Developed by: AppAutomaton
Upstream model: Qwen/Qwen3-ASR-1.7B
Task: automatic speech recognition (offline, single-pass)
Runtime: MLX on Apple Silicon
Precision: BF16 (unquantized)
Validated languages: English, Chinese, and mixed Chinese/English
Total size: ~4.7 GB

File	Component	Format
`model.safetensors`	Audio encoder + Qwen3 text decoder	bf16
`config.json`	Model config (`model_type: qwen3_asr`)	JSON
`generation_config.json`	Generation defaults	JSON
`preprocessor_config.json`	Audio frontend config	JSON
`chat_template.json`	Upstream chat template (reference)	JSON
`vocab.json`, `merges.txt`, `tokenizer_config.json`	Tokenizer assets	JSON / text

How to Get Started

Download the package:

hf download appautomaton/qwen3-asr-1.7b-bf16-mlx \
  --local-dir models/Qwen3-ASR-1.7B-MLX-BF16

Minimal Python usage with mlx-speech:

import mlx_speech

asr = mlx_speech.asr.load("models/Qwen3-ASR-1.7B-MLX-BF16")
result = asr.generate("speech.wav", max_new_tokens=256)
print(result.language, result.text)

Command-line transcription:

mlx-speech asr \
  --model models/Qwen3-ASR-1.7B-MLX-BF16 \
  --audio speech.wav

Language Behavior

Omitting language (or passing None / "auto") lets the model infer the language from the audio.
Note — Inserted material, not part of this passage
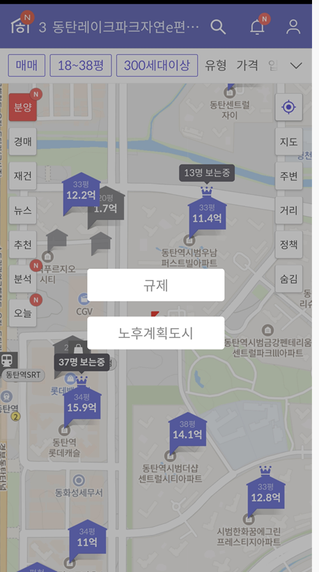 추가로, 부동산 지인에서는 지역마다 찍으면 조정대상지역인지 투과지역인지 등이 표기된다고 하는데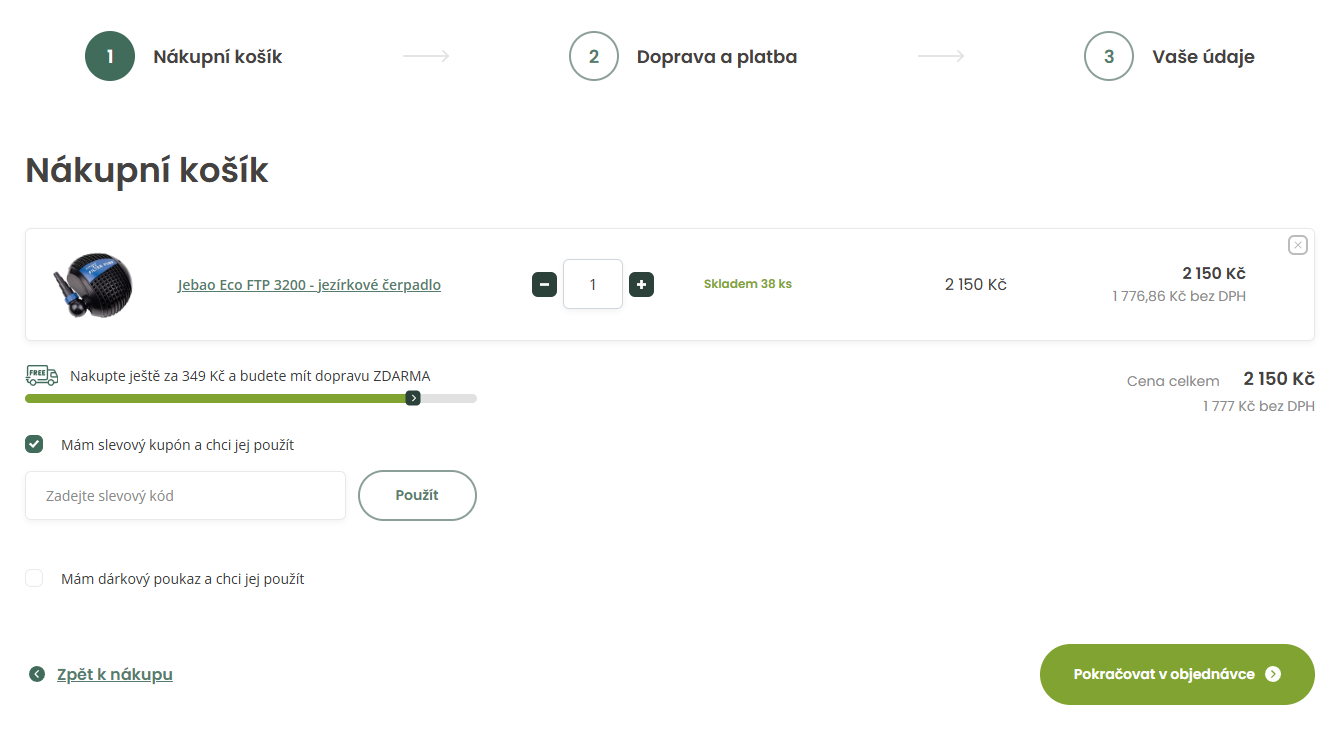 Vyberte si zboží, které vás zaujalo, a přidejte ho do košíku. Poté přejděte do košíku a ve spodní části stránky klikněte na možnost „Mám slevový kupón a chci jej použít“. Do zobrazeného pole zadejte svůj kód a potvrďte ho tlačítkem „Uplatnit“. Sleva se automaticky odečte z celkové částky. Následně dokončete objednávku obvyklým způsobem.

This is the right first option for single-language English or Chinese speech.

For Chinese/English mixed speech where preserving Chinese characters matters, prefer the forced Chinese prompt path:

asr.generate("mixed-speech.wav", language="Chinese")

Local checks found that auto mode can treat English-dominant mixed speech as English and translate the Chinese segments; the Chinese prompt path preserved mixed Chinese/English text best.

Runtime Shape

Audio is loaded or expected as 16 kHz mono waveform data.
The frontend matches the upstream WhisperFeatureExtractor setup: 128 mel bins, n_fft=400, hop_length=160, with dynamic padding.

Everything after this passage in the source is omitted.